> [WORK ORDER]: Print the listing exactly as it stands. Skip every picture.
** Opening DATA SECTION block **
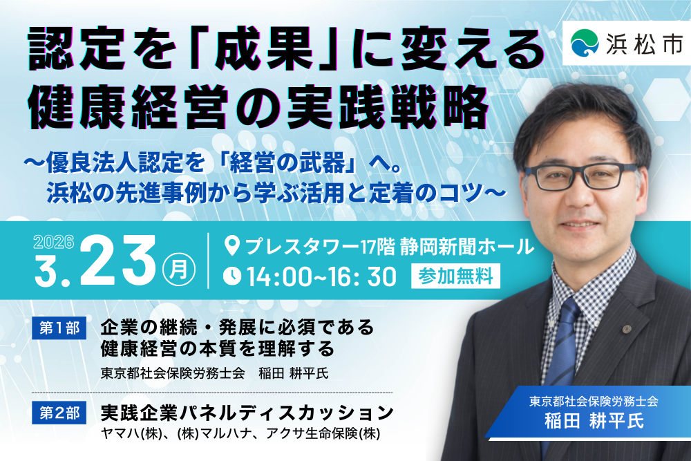 専門家・稲田耕平氏による本質を突いた戦略解説と、浜松を代表する実践企業及びサポート企業による討論から、認定を経営成果に繋げる具体策を学びます。
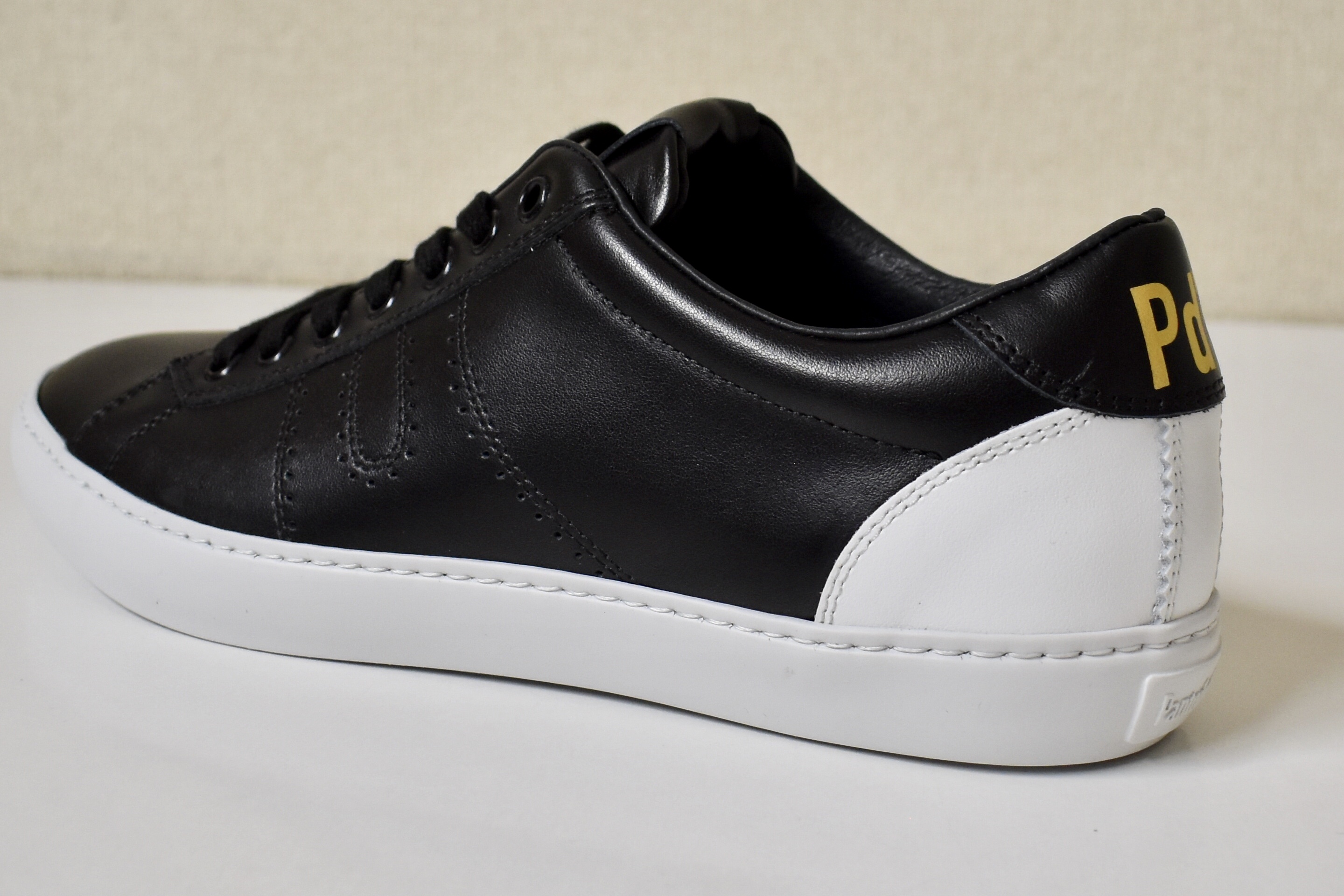 一転、カーフレザーのブラックスニーカーです。つるっとした質感や光沢感は、先のスエードと対照的です。
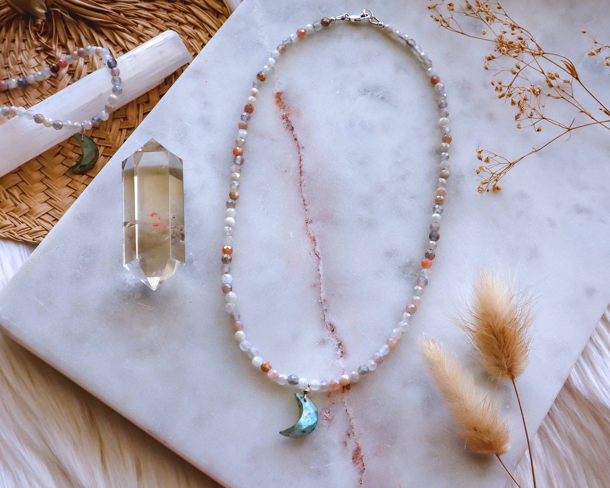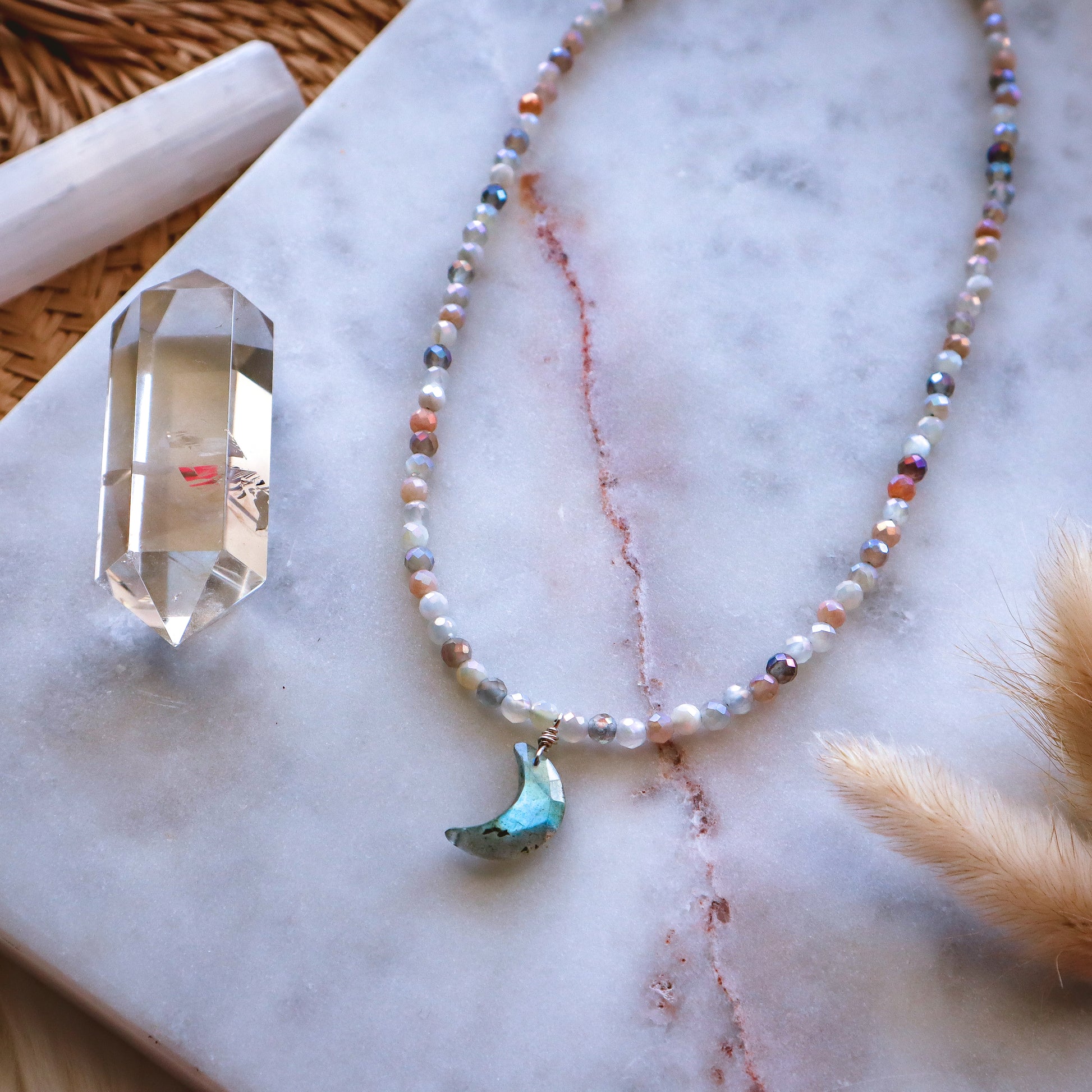Unique necklace made with a flashy, high-quality labradorite moon and 4.5mm aura, multi-colored moonstone. The beads have beautiful aura flash. All metal components are .925 sterling silver.
** Closing DATA SECTION block **
> [SOLUTION]:
 専門家・稲田耕平氏による本質を突いた戦略解説と、浜松を代表する実践企業及びサポート企業による討論から、認定を経営成果に繋げる具体策を学びます。
 一転、カーフレザーのブラックスニーカーです。つるっとした質感や光沢感は、先のスエードと対照的です。
Unique necklace made with a flashy, high-quality labradorite moon and 4.5mm aura, multi-colored moonstone. The beads have beautiful aura flash. All metal components are .925 sterling silver.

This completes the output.